Task directions
Print nothing but the lines below starting at the line that holds "2026年3月9日,中國郵政" and ending at the line that holds "Brilliant black and", including both, each exactly as written.
------ Listed entries ------
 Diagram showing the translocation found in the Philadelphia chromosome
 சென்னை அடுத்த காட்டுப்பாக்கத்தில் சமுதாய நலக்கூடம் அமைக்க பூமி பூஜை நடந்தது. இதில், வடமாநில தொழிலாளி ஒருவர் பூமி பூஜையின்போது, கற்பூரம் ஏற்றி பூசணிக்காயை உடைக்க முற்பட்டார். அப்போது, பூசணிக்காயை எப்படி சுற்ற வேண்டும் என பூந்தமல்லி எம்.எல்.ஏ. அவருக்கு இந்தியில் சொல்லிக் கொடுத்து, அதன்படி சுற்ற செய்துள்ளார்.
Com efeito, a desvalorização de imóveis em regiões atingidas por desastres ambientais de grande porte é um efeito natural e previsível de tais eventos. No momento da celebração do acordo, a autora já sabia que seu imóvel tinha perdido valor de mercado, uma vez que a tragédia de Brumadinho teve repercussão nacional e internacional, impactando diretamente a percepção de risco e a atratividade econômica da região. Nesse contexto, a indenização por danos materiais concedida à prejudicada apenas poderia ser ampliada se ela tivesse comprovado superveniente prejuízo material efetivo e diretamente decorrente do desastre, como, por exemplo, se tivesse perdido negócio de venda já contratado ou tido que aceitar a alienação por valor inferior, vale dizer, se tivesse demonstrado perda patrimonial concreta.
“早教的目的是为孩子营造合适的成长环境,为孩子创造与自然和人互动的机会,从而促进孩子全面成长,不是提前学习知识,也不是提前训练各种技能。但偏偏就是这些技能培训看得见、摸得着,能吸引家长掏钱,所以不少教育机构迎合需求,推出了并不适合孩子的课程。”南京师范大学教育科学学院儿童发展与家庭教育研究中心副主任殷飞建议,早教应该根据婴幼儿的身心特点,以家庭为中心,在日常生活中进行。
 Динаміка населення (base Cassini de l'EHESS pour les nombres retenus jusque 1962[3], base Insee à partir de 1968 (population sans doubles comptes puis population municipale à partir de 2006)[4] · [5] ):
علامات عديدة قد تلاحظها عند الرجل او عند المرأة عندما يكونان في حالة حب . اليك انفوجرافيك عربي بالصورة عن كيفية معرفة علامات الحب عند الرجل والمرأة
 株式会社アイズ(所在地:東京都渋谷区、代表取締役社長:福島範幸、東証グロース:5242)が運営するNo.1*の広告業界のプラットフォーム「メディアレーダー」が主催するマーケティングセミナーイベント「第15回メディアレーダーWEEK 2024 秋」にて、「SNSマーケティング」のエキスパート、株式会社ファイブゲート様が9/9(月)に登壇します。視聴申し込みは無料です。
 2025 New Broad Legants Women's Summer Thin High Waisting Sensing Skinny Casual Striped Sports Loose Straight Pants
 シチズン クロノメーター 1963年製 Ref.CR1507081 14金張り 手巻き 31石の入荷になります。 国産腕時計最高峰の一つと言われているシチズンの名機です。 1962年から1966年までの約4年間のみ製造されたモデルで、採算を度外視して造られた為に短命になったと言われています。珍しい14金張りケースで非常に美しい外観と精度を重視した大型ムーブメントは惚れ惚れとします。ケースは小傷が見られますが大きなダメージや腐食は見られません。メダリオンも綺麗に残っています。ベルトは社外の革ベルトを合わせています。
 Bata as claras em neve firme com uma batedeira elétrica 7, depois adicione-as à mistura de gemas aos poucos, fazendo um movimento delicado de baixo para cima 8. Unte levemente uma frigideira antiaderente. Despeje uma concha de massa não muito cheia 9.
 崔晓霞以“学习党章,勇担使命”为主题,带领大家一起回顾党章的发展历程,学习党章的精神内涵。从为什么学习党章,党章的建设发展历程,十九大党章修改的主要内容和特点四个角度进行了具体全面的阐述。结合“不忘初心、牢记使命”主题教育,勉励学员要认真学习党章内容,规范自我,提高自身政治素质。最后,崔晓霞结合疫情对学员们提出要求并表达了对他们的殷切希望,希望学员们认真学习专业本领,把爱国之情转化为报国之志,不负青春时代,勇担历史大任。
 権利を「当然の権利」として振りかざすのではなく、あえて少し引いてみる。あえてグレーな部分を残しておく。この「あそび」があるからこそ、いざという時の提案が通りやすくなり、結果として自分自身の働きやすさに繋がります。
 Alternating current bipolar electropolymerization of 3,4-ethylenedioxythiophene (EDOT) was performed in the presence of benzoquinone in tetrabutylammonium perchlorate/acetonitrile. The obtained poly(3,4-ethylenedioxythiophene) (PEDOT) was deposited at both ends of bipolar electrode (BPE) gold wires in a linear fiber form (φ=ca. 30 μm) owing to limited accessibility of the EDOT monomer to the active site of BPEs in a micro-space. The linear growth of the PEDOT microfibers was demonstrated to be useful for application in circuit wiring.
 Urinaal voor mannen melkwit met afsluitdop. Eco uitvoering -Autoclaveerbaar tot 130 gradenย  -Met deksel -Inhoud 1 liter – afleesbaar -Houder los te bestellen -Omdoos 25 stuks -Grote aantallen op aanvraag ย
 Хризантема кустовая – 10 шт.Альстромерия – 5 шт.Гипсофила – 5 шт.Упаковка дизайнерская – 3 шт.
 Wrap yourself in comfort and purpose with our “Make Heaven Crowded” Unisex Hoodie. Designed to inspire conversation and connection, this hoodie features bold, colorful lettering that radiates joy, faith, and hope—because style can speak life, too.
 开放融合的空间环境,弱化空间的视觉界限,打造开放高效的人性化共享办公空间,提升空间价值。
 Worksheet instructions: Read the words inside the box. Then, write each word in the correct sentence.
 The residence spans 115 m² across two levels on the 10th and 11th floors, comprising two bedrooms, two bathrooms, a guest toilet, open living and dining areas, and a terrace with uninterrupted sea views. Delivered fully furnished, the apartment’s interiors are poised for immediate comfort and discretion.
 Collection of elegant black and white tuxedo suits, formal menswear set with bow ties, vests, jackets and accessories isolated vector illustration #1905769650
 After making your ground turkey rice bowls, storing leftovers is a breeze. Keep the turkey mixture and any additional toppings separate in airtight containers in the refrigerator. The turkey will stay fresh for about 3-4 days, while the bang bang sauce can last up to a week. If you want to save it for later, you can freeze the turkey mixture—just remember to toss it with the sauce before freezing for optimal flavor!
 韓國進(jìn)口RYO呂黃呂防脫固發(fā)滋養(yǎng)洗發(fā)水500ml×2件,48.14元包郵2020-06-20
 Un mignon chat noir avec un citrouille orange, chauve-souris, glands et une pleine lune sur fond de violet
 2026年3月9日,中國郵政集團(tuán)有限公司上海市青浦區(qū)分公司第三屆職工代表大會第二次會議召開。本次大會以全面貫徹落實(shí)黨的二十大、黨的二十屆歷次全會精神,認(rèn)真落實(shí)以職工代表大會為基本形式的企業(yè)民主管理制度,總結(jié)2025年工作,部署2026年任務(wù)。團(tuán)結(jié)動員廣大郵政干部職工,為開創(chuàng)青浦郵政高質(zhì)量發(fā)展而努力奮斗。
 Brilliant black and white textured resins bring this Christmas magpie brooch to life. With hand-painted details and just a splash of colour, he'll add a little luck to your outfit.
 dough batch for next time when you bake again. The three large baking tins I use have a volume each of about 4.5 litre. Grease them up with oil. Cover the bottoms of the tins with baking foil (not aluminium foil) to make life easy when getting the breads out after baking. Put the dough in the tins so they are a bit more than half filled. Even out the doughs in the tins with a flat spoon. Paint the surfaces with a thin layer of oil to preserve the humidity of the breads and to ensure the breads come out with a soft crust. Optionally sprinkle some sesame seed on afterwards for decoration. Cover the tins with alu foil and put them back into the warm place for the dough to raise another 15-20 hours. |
------
Answer to the exercise
 2026年3月9日,中國郵政集團(tuán)有限公司上海市青浦區(qū)分公司第三屆職工代表大會第二次會議召開。本次大會以全面貫徹落實(shí)黨的二十大、黨的二十屆歷次全會精神,認(rèn)真落實(shí)以職工代表大會為基本形式的企業(yè)民主管理制度,總結(jié)2025年工作,部署2026年任務(wù)。團(tuán)結(jié)動員廣大郵政干部職工,為開創(chuàng)青浦郵政高質(zhì)量發(fā)展而努力奮斗。
 Brilliant black and white textured resins bring this Christmas magpie brooch to life. With hand-painted details and just a splash of colour, he'll add a little luck to your outfit.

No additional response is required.